(DATA TO PROCESS)
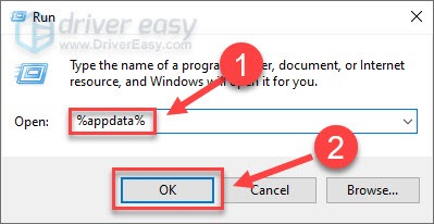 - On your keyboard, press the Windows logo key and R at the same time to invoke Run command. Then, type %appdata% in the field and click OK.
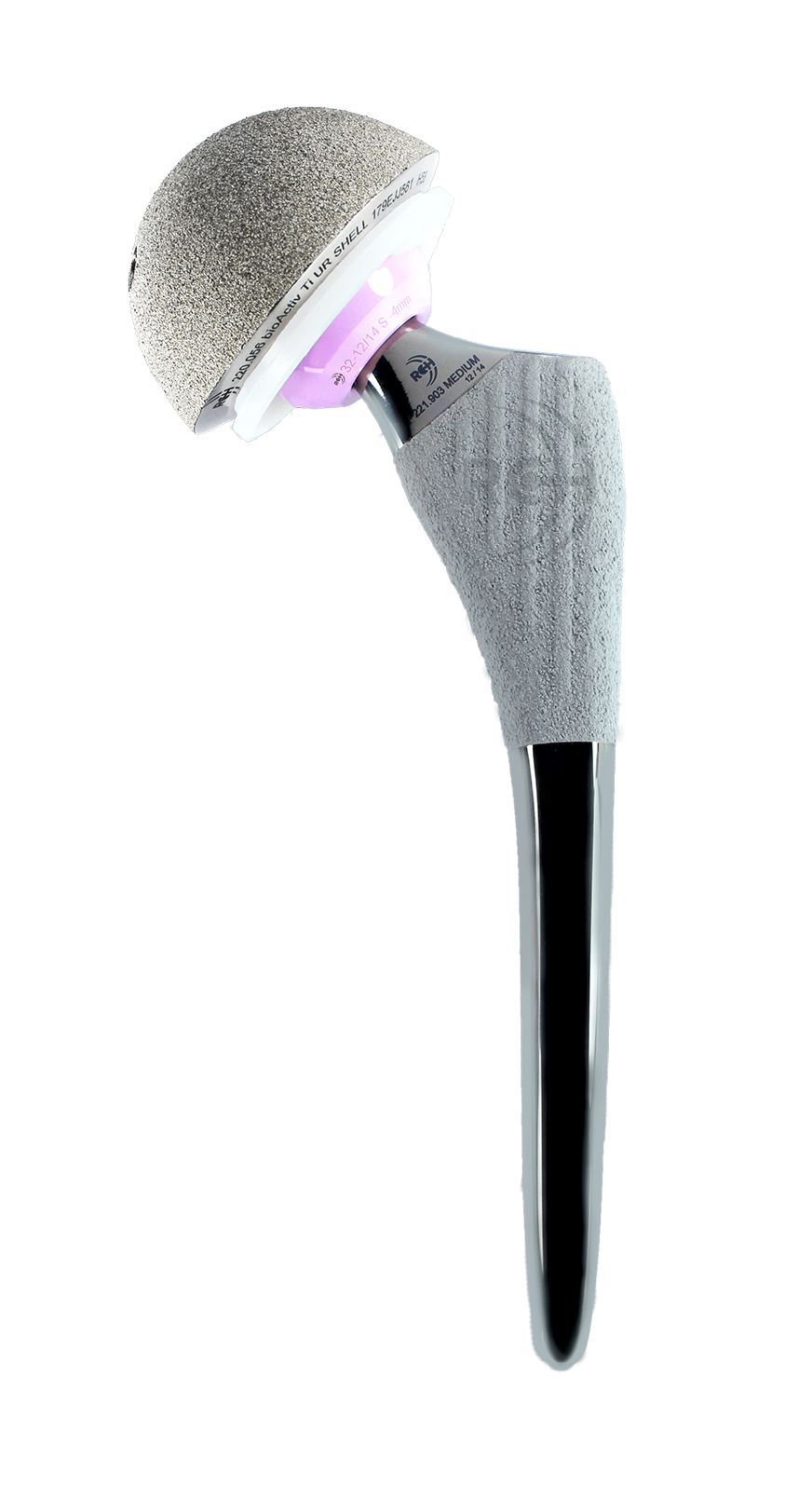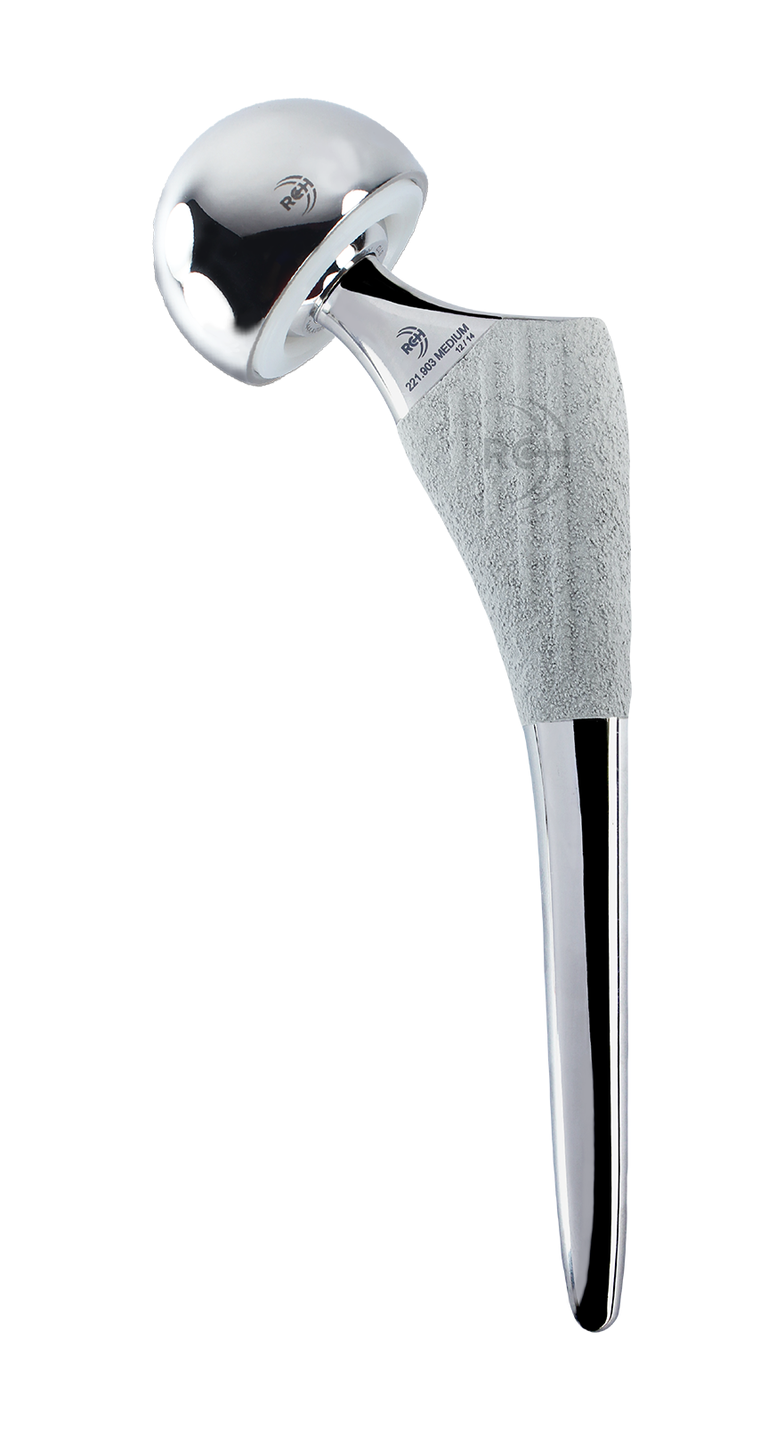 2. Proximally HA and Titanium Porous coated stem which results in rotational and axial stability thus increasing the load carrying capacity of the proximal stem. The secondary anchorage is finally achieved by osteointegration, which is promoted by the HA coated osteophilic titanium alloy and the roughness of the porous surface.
(End DATA TO PROCESS)
(DATA TO PROCESS)
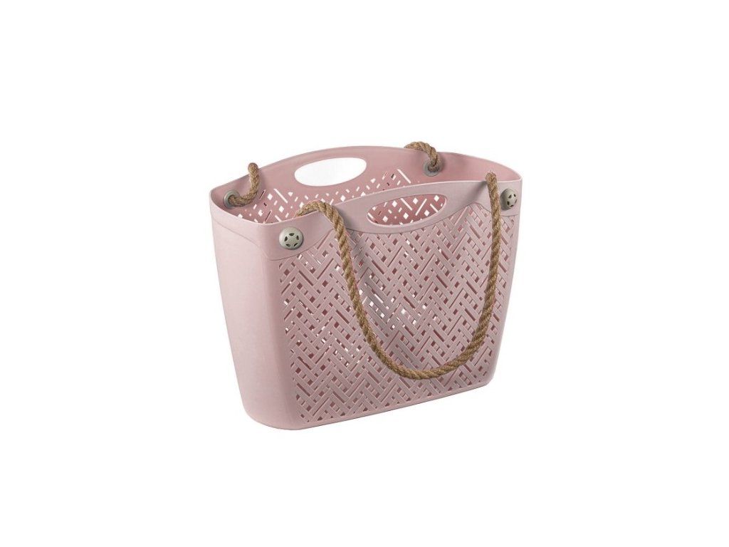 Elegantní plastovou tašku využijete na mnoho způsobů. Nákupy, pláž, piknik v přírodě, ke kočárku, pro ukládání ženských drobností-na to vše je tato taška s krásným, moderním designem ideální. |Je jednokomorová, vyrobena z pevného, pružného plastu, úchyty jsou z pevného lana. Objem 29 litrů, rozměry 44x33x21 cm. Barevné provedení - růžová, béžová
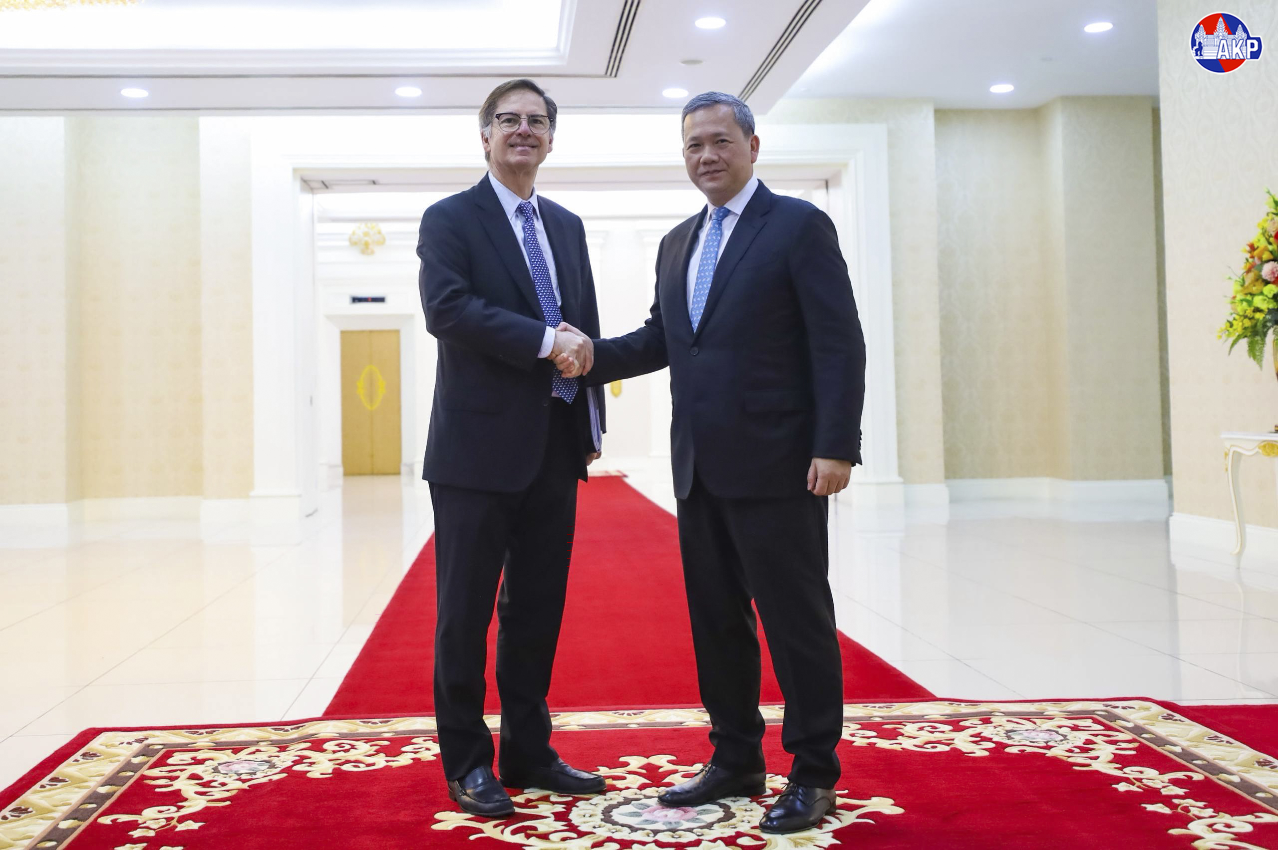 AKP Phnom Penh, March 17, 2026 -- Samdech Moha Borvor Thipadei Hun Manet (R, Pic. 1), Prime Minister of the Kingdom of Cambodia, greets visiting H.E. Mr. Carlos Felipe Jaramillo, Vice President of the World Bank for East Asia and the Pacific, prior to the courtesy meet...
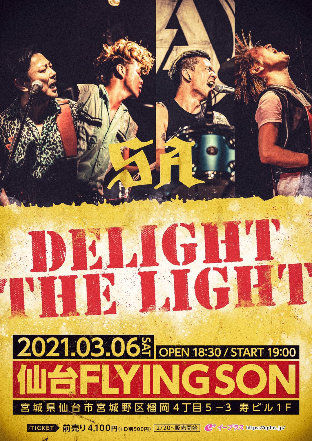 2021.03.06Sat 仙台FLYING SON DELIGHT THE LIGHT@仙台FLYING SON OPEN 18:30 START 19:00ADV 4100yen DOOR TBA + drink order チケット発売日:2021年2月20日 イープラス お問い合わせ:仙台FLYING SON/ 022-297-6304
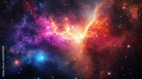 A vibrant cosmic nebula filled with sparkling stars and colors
(End DATA TO PROCESS)
(DATA TO PROCESS)
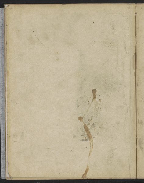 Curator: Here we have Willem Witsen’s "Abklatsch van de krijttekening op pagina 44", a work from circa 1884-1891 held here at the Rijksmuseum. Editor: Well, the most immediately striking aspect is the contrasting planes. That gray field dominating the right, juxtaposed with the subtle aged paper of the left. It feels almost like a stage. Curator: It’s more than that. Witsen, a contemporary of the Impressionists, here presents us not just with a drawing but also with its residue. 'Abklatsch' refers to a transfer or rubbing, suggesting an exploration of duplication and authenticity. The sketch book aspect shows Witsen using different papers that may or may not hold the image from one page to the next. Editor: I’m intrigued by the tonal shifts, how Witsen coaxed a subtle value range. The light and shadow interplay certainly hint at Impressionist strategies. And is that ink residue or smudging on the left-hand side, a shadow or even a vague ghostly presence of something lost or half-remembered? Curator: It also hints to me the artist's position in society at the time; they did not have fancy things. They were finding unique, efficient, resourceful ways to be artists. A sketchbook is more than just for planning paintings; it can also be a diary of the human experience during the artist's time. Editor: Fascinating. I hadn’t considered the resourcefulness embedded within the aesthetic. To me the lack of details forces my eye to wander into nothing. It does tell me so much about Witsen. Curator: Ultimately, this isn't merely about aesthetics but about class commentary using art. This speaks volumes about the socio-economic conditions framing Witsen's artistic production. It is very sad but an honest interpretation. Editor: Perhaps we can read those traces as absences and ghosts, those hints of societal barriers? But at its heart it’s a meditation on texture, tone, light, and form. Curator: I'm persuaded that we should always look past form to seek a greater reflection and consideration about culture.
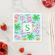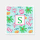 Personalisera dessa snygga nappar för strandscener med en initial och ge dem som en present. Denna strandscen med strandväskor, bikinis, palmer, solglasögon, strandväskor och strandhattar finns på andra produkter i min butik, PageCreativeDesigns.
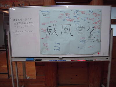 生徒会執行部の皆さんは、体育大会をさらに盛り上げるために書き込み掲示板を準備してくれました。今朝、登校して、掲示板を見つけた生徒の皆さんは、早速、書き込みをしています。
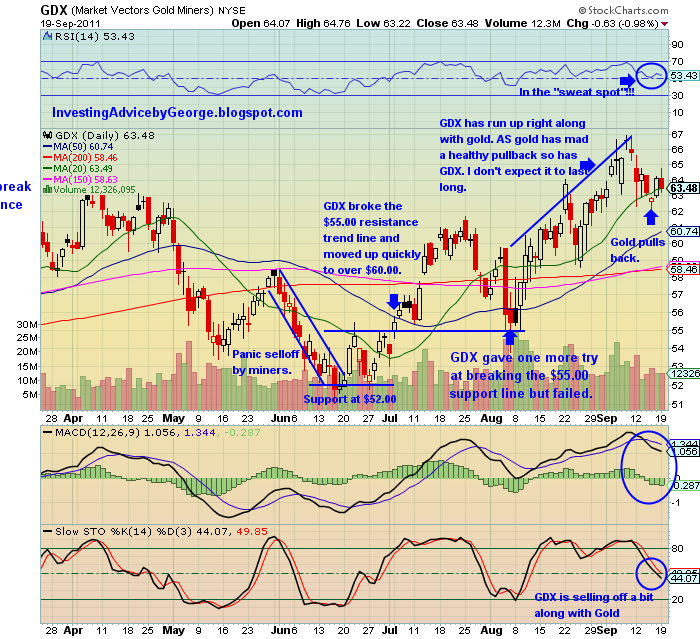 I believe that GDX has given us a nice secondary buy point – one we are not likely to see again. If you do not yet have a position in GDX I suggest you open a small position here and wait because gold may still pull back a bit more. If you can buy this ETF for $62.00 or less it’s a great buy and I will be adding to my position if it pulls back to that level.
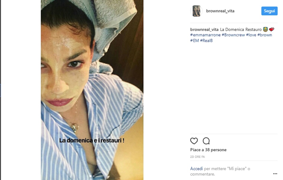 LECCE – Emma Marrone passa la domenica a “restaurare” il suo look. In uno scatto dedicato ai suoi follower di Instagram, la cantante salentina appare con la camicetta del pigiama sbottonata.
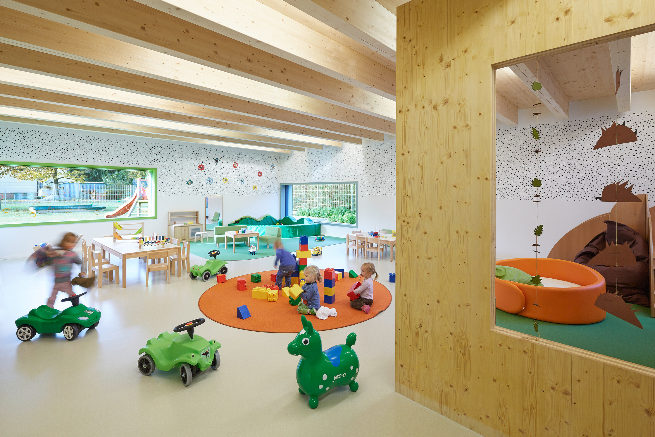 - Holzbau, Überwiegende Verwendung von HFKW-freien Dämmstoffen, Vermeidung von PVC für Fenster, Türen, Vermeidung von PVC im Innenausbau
(End DATA TO PROCESS)
> _PROBLEM STATEMENT_
Copy word for word the span of the records above that begins at the line with "- On your keyboard, press" and ends at the line with "2. Proximally HA", including those two lines but not the pictures.

> _WRITTEN ANSWER_
 - On your keyboard, press the Windows logo key and R at the same time to invoke Run command. Then, type %appdata% in the field and click OK.
 2. Proximally HA and Titanium Porous coated stem which results in rotational and axial stability thus increasing the load carrying capacity of the proximal stem. The secondary anchorage is finally achieved by osteointegration, which is promoted by the HA coated osteophilic titanium alloy and the roughness of the porous surface.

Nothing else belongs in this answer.